Background: Comparative genomics is a powerful approach for studying variation in physiological traits as well as the evolution and ecology of microorganisms. Recent technological advances have enabled sequencing large numbers of related genomes in a single project, requiring computational tools for their integrated analysis. In particular, accurate annotations and identification of gene presence and absence are critical for understanding and modeling the cellular physiology of newly sequenced genomes. Although many tools are available to compare the gene contents of related genomes, new tools are necessary to enable close examination and curation of protein families from large numbers of closely related organisms, to integrate curation with the analysis of gain and loss, and to generate metabolic networks linking the annotations to observed phenotypes.
Results: We have developed ITEP, an Integrated Toolkit for Exploration of microbial Pan-genomes, to curate protein families, compute similarities to externally-defined domains, analyze gene gain and loss, and generate draft metabolic networks from one or more curated reference network reconstructions in groups of related microbial species among which the combination of core and variable genes constitute the their "pan-genomes". The ITEP toolkit consists of: (1) a series of modular command-line scripts for identification, comparison, curation, and analysis of protein families and their distribution across many genomes; (2) a set of Python libraries for programmatic access to the same data; and (3) pre-packaged scripts to perform common analysis workflows on a collection of genomes.

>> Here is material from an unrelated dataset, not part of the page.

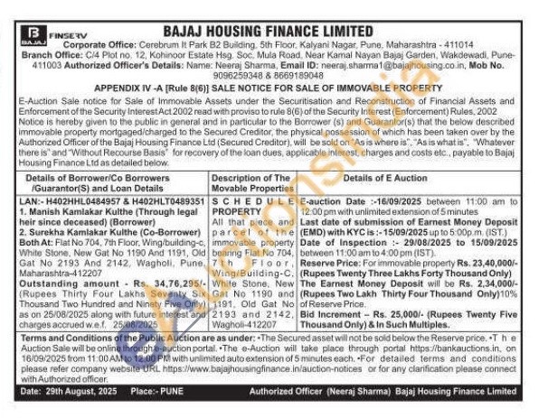 SCHEDULEE-PROPERTY All that piece and parcel of the immovable property bearing Flat No 704, 7th Floor, Wing/Building-C. White Stone, New Gat No 1190 and 1191, Old Gat No 2193 and 2142, Wagholi-412207

ITEP's capabilities include de novo protein family prediction, ortholog detection, analysis of functional domains, identification of core and variable genes and gene regions, sequence alignments and tree generation, annotation curation, and the integration of cross-genome analysis and metabolic networks for study of metabolic network evolution.
Conclusions: ITEP is a powerful, flexible toolkit for generation and curation of protein families. ITEP's modular design allows for straightforward extension as analysis methods and tools evolve. By integrating comparative genomics with the development of draft metabolic networks, ITEP harnesses the power of comparative genomics to build confidence in links between genotype and phenotype and helps disambiguate gene annotations when they are evaluated in both evolutionary and metabolic network contexts.